“REAGAN & THATCHER, The Difficult Relationship” (by Richard Aldous)

I’ve just finished reading an extremely interesting book, “Reagan & Thatcher – The Difficult Relationship” by Richard Aldous. The protagonists are, surprise, surprise, Margaret Thatcher, British Prime Minister from 1979 to 1990, and Ronald Reagan, President of The United States between 1981 and 1989. Most of us have this idea in our heads, an image, a visual, a picture based on everything we read during the 1980’s, read, saw and heard, about not just ‘the’ but ‘their’ ‘Special Relationship’.

 

 

In ‘modern times’, what we know today as the ‘Special Relationship’ between Britain and the US started during, and thanks to, Franklyn Delano Roosevelt. When FDR became President of the US in 1933, the nation’s identity was, by and large, isolationist. The country, – and FDR, for that matter – in 1939, had no appetite for war but, by 1940/1, before the Japanese attack on Pearl Harbor, FDR’s mindset was changing. After France fell, there was a large consensus of international opinion (eg Joseph Kennedy’s – he was, then, the US Ambassador in London) that Britain would fall, that Churchill wouldn’t be able to push the Germans back. FDR felt that he simply couldn’t allow the last major democratic country in Europe still ‘staniding’ to fall to fascist tyranny. Legislation was passed in the Senate to assist Britain, eg arming the island nation to the hilt (even though Britain was, to all intents and purposes, bankrupt) and, in 1941, when Japan attacked, the US entered the War. (For more on this, see Nigel Hamilton’s “AMERICAN CAESARS, Lives of the US Presidents – from Franklin D. Roosevelt to George W. Bush”  –  it’s terrific – I’m reading it at present and I’ll blog on it when I’ve finished).

 

 

So, even before Thatcher and Reagan moved into No.10 and The White House respectively, a ‘special relationship’ existed but Thatcher’s and Reagan’s ‘special relationship’, THEIR ‘special relationship’, would add to the substance and weightiness of ‘The’ ‘Special Relationship’ which, in modern times, started in that Churchill/FDR era.

 

 

HOWEVER, as the title of the book alludes to, everything in the Reagan/Thatcher garden was not always rosy (to say the least!).
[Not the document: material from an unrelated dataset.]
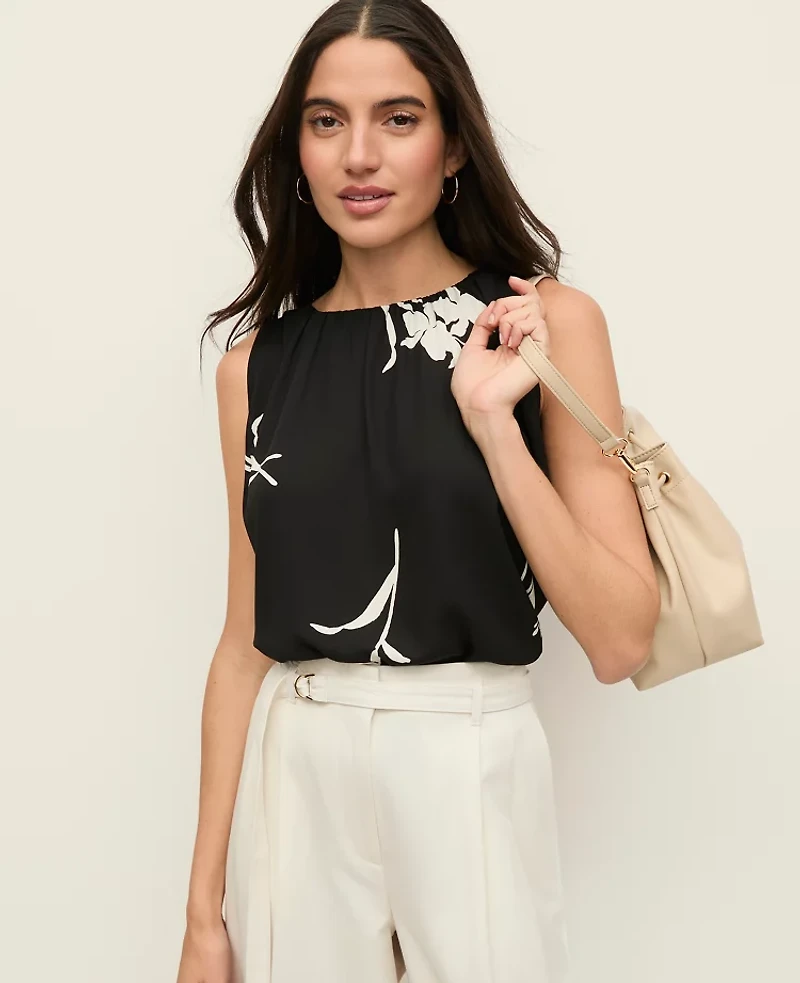 Designed with a woven front and a knit back, this top is at once eye - catching and versatile. Boatneck Sleeveless Back slit with button closure., Imported:, Length: 22 1/4"long, Fabrication: Knit 92% Polyester, 8% Spandex Woven: 100% Polyester, Garment Care: Machine Washable Petite Floral Mixed Media Gathered Top by Ann Taylor Size Petite - 2XS Black Women's 100%, Cotton Boatneck Sleeveless Tanks Shells Tops Knit 92%, Polyester 8% Spandex Woven 100%, Polyester Machine Washable

I don’t want to give any of the details away otherwise I’ll spoil it for those of you who have not read it but, and I don’t think this is saying too much (the book’s title says as much!), there were ‘difficulties’ at times. They didn’t agree on everything, they had different opinions and policies on some national and international matters and there were times when it ‘got personal’. In hindsight, I don’t suppose that that is surprising. Of course, they were not going to agree on everything and because they did enjoy, a lot of the time, such a close working and social/personal relationship, when one of them had to disagree with the other, there was always the risk that it could ‘get personal’. Richard Aldous’ account of the relationship between these two political giants is fascinating as it throws open the doors into their world and gives us a ‘private’, a ‘fly-on-the-wall’, look at the rollercoaster relationship not shown by the media and PR people at the time.

 

 

I’m going to leave it there but, regardless of your politics, I fully recommend this book. It puts some colour, context, detail, corrections and substance into our understanding of a relationship of such importance, not just in the 1980’s but to this day insofar as it pointed us in a direction and set in motion a train of events which lead directly to where, geopolitically, we are today.